Selic a 14,25%: o que muda na poupança, no CDB e nas dívidas

O Copom cortou a Selic para 14,25% ao ano em junho, mas endureceu o comunicado. Veja quanto rendem poupança, CDB e Tesouro Selic agora e o que muda no crédito.

ELEquipe lifin8 min de leitura
Selic a 14,25%: o que muda na poupança, no CDB e nas dívidas

Em 17 de junho de 2026, o Copom cortou a Selic em 0,25 ponto percentual, de 14,50% para 14,25% ao ano, o terceiro corte seguido do ciclo iniciado depois de o comitê ter mantido a taxa em 15% na primeira reunião do ano. Só que o comunicado que acompanhou a decisão veio mais duro do que o corte em si, e isso muda a leitura de quem só olhou a manchete.

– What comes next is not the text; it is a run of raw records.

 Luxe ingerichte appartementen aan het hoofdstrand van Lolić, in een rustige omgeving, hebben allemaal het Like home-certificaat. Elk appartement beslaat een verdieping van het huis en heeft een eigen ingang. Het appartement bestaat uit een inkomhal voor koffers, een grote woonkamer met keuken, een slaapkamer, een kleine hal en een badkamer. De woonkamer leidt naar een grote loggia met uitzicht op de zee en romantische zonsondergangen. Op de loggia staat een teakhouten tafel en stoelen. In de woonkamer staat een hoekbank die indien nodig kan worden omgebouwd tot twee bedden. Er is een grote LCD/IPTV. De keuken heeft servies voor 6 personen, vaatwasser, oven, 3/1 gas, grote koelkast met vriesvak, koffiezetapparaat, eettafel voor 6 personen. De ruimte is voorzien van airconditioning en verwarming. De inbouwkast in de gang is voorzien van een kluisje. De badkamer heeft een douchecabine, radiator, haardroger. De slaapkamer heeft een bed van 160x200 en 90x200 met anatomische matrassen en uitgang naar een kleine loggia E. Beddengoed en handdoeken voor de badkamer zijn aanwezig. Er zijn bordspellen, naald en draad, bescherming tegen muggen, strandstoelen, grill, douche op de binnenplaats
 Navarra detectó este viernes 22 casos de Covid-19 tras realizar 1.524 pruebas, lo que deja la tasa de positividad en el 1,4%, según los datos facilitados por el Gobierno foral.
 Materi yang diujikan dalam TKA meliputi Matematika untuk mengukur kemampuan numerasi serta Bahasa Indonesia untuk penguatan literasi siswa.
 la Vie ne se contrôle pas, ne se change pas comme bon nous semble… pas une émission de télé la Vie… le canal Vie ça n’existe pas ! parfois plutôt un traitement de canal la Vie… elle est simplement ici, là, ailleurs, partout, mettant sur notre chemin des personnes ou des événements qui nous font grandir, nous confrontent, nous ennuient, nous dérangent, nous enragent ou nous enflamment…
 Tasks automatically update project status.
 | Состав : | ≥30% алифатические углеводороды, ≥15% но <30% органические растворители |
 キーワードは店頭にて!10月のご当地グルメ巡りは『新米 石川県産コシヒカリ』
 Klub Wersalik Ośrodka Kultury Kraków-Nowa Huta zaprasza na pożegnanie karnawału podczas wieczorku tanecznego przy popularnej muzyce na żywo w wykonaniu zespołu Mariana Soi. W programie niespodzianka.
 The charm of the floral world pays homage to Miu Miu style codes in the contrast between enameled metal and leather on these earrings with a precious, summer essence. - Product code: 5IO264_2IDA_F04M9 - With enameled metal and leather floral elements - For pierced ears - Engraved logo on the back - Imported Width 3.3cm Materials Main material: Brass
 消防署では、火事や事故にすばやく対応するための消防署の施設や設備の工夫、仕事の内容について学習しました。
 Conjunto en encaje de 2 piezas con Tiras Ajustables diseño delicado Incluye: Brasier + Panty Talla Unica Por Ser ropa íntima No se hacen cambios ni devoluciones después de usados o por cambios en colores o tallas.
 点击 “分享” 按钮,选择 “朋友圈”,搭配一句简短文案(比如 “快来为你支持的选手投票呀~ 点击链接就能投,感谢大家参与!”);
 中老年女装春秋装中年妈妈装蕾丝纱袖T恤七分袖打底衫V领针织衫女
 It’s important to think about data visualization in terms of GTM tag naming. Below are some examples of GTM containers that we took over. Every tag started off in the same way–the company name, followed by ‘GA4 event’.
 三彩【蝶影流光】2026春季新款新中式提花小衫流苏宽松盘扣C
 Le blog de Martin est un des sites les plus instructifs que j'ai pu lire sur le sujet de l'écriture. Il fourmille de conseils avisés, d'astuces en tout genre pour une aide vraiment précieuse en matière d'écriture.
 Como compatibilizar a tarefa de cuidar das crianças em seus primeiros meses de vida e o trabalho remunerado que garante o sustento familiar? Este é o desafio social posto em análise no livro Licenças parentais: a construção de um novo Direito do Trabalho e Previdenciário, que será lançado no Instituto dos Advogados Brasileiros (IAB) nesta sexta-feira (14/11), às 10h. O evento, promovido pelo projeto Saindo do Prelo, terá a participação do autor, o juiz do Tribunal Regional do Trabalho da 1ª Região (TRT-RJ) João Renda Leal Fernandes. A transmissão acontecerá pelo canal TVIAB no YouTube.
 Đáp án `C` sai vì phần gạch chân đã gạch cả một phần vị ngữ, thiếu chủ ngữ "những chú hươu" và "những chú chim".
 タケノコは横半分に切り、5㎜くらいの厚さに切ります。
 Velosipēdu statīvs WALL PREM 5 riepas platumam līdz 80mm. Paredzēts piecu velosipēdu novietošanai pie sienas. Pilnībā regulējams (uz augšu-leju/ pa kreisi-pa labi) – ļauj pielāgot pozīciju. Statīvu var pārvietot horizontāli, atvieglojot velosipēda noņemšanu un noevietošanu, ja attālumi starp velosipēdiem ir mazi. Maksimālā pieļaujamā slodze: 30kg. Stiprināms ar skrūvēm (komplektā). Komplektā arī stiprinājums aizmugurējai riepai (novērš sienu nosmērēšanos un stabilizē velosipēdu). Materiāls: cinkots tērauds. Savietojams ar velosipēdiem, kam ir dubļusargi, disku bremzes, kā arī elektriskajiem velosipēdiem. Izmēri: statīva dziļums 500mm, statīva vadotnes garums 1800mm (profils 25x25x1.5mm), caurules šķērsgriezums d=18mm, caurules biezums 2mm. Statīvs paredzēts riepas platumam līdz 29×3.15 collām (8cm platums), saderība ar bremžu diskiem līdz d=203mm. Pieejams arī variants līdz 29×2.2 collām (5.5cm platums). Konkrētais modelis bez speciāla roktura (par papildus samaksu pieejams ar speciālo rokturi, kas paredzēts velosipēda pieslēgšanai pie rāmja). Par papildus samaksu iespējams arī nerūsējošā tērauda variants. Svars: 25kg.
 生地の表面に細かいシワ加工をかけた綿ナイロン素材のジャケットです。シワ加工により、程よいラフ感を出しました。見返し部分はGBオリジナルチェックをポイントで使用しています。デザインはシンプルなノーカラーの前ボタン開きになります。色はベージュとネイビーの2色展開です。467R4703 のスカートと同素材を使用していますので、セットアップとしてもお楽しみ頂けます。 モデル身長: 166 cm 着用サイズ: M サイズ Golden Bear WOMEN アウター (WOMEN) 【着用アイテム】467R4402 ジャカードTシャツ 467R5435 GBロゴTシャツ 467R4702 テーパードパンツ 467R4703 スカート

A taxa básica de juros caiu, mas o Banco Central deixou claro que não é hora de comemorar. Este texto explica o que de fato mudou no dia 17 de junho, por que o tom do comunicado dividiu economistas e o que isso significa, na prática, para quem tem dinheiro guardado ou dívida em aberto.

#O que o Copom decidiu em 17 de junho

A decisão foi unânime entre os membros do comitê e veio dentro do que o mercado esperava: 0,25 ponto percentual de corte, levando a Selic de 14,50% para 14,25% ao ano. Foi o terceiro corte consecutivo de 2026, depois de o Copom ter optado por manter a taxa em 15% na primeira reunião do ano, em janeiro.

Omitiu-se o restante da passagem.